While HNSW works well for finding the top-k nearest neighbors among all nodes, things can get more complicated when an additional filter is applied. There are multiple main approaches:
- Fallback to exact search
- Use post-filtering
- Use pre-filtering
- Use pre-filtering, but check the filter first
In post-filtering, the HNSW search is performed as without a filter, and the filter is only applied to the hits afterwards. This means that all returned hits may be filtered out and no hits are actually returned to the user, which is problematic.
In pre-filtering, the graph is explored as normal, and the filter is used to decide if a found node is returned to the user. The search doesn’t end until enough filter-passing nodes are found, so with heavy filtering a large portion of the graph may need to be searched.

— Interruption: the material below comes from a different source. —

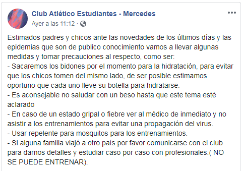 En cuanto a otros clubes, a través de sus redes sociales no manifestaron suspensión de actividades, pero en casos como Estudiantes y Unión, brindaron normas preventivas para que todos los que ingreses a sus predios tengan en cuenta y poder evitar una posible propagación del virus. En cuanto a Club Mercedes, tenía su «Matineé Blanquinegra» organizada para recaudar fondos y fue suspendida.

In pre-filtering, when checking the filter first, only nodes that pass the filter are considered when navigating the graph. This avoids distance computations to nodes that do not pass the filter, but if only few nodes pass the filter, the chance of getting stuck while exploring the graph increases dramatically. This is why ACORN-1 expands the search to include neighbors of neighbors to avoid getting stuck when filtering is aggressive. In contrast, standard HNSW does not use multi-hop neighborhoods.
So, which method is best? It depends on the filtering percentage. When most nodes pass the filter, pre-filtering is fast and efficient. With more aggressive filtering, the response time of pre-filtering increases, while pre-filtering with checking the filter first can maintain high performance with reasonable recall. With very aggressive filtering, exact search may be required. The filtering fraction is therefore calculated beforehand to determine the searching algorithm used.
Did our tools actually do anything useful?
Yes! Our tools uncovered a subtle Vespa bug, the deletion code in layer 0 capped neighbors at max-links-per-node instead of 2*max-links-per-node, producing sparser graphs than intended. This was found with edge density analysis. We also found unexpected dimension reducible embeddings, some real-world datasets had dimensions with very little to no variance, offering small potential speed-ups. Our findings show the value of graph structure analysis beyond standard ANN metrics.
Our experience at Vespa.ai
We really enjoyed the challenge. It was fun to create something new together with someone you’ve never met before. We gained unique insights into search algorithms we’d never gotten otherwise, and it was rewarding when we finally got the tools working! We are thankful for the opportunity to contribute to and learn from the people here at Vespa!
TL;DR
We learned a lot about Approximate Nearest Neighbor (ANN) search and developed tools to help visualize and analyze ANN algorithms like HNSW and ACORN-1. We also developed tools to visualize characteristics of embedded data to assist with debugging and finding oddities in the HNSW graph and its data, such as disconnected components and unused vector dimensions. And we had a lot of fun!